▶ _Instructions to follow_
An exact reproduction is needed of every line from the beginning of the data down to and including the line that contains "This charming Christmas", minus the pictures.

Source records Block Start

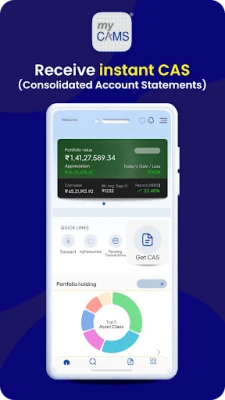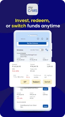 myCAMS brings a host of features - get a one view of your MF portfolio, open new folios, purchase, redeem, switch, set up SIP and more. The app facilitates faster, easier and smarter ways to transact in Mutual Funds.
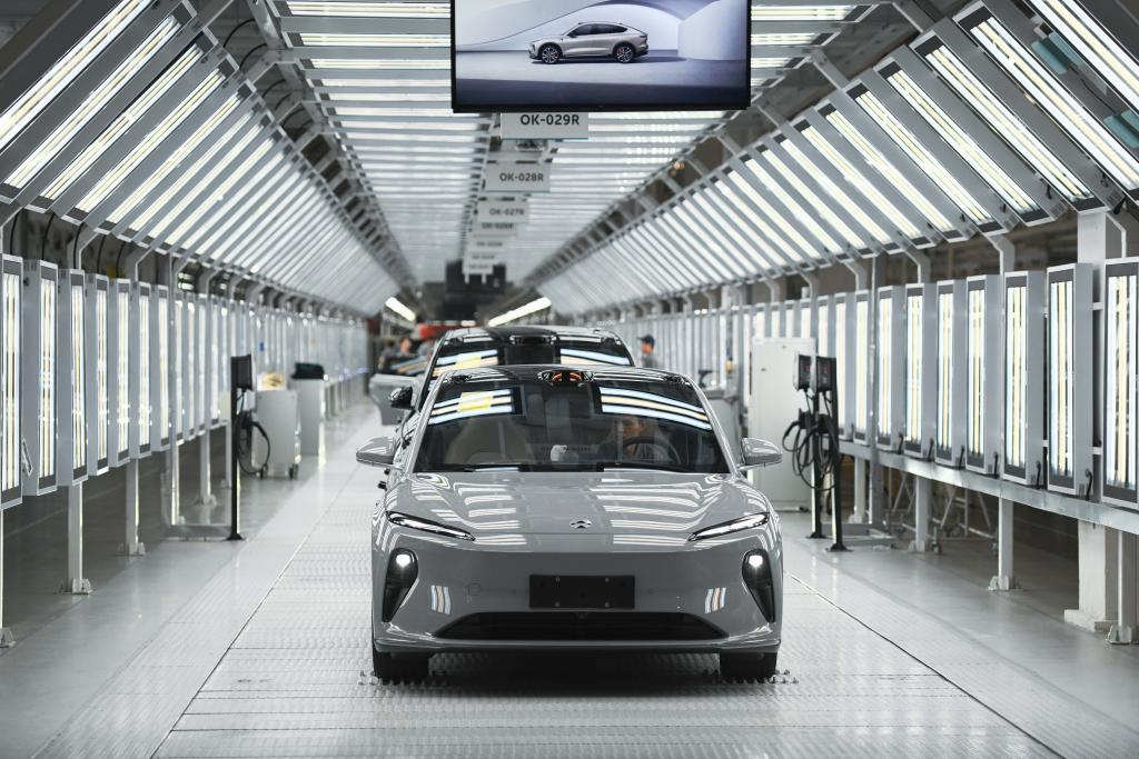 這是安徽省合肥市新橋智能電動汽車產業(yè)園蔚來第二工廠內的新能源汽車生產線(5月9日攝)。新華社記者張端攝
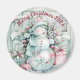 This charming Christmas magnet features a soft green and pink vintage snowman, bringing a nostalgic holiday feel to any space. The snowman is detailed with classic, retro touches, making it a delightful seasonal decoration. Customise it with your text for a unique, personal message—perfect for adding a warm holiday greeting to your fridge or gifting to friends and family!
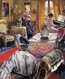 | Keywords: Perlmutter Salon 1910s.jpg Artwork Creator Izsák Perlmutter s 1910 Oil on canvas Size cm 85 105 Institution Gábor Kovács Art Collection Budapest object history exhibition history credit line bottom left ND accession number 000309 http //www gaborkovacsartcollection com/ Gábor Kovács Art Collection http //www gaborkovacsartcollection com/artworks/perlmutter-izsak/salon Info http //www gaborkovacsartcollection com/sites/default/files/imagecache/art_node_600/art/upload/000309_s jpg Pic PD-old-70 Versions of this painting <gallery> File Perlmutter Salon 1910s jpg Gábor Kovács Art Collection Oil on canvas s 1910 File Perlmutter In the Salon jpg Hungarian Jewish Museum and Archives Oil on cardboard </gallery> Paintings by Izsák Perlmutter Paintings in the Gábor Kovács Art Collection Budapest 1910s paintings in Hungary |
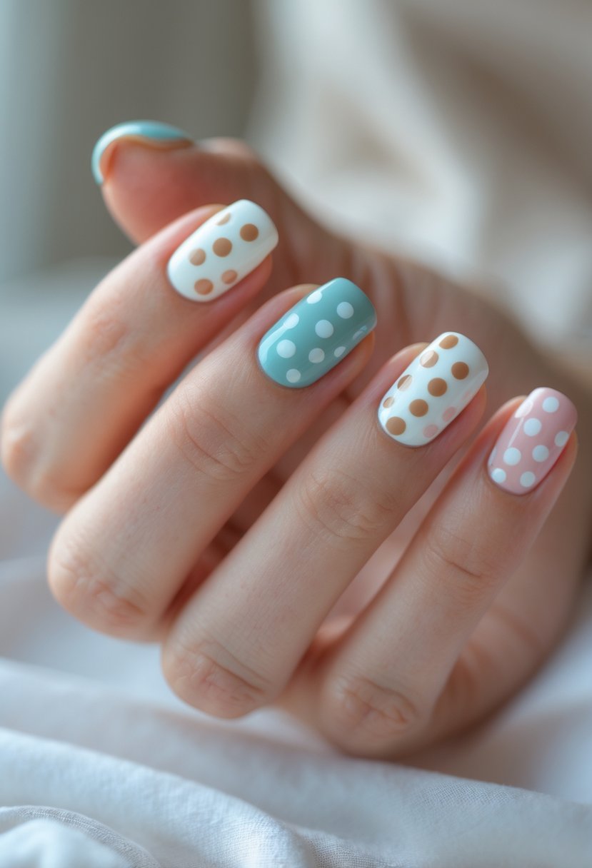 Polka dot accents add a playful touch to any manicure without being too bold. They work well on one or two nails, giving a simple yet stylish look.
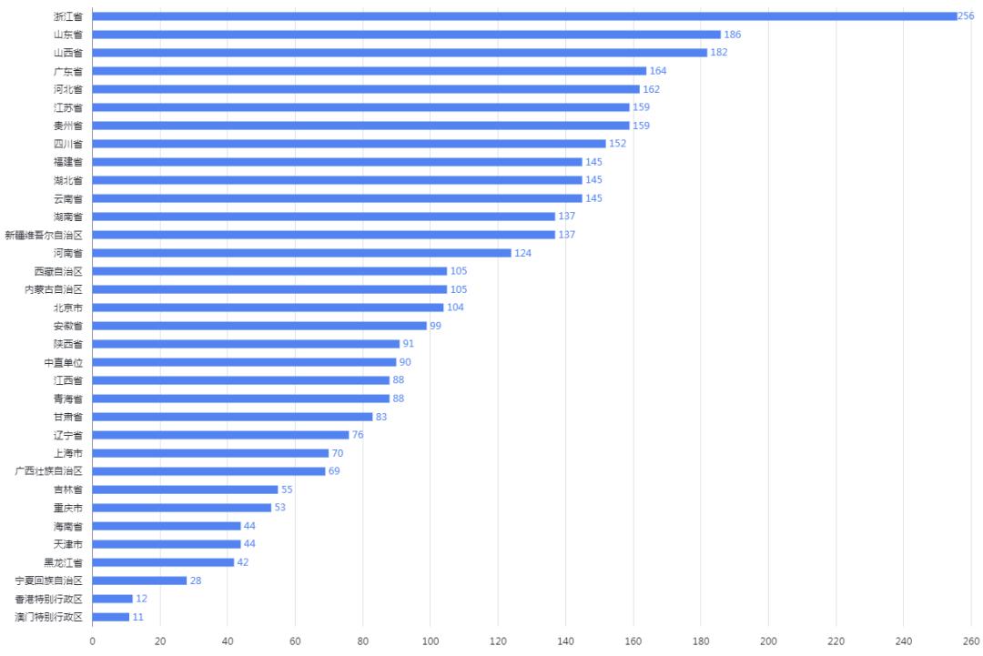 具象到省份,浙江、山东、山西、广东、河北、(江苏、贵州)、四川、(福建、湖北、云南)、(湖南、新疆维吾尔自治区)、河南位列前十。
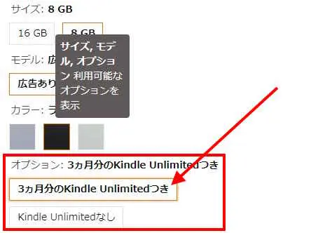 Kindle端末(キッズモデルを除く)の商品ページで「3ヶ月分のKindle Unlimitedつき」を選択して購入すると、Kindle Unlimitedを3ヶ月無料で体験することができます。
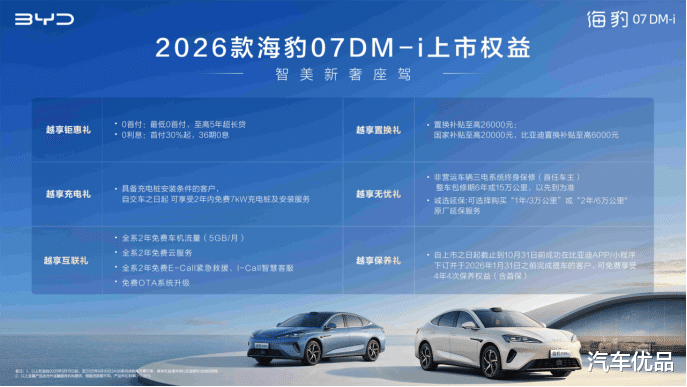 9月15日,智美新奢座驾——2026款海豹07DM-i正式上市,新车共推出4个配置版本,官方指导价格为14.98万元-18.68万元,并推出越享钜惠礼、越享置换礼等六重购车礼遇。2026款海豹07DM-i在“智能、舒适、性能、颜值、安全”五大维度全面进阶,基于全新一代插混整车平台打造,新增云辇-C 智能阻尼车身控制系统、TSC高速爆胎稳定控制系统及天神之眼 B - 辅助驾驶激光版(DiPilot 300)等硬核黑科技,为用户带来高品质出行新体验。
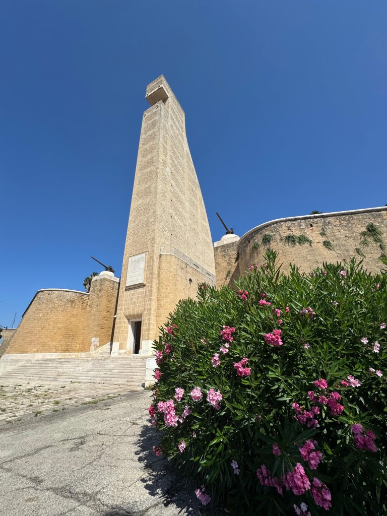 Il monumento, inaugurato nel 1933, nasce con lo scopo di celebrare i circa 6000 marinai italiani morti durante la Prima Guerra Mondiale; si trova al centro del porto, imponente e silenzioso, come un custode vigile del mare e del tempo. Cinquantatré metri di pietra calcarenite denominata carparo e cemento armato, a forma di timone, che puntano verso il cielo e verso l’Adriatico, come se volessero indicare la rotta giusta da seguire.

Source records Block End

▶ _Output_
 myCAMS brings a host of features - get a one view of your MF portfolio, open new folios, purchase, redeem, switch, set up SIP and more. The app facilitates faster, easier and smarter ways to transact in Mutual Funds.
 這是安徽省合肥市新橋智能電動汽車產業(yè)園蔚來第二工廠內的新能源汽車生產線(5月9日攝)。新華社記者張端攝
 This charming Christmas magnet features a soft green and pink vintage snowman, bringing a nostalgic holiday feel to any space. The snowman is detailed with classic, retro touches, making it a delightful seasonal decoration. Customise it with your text for a unique, personal message—perfect for adding a warm holiday greeting to your fridge or gifting to friends and family!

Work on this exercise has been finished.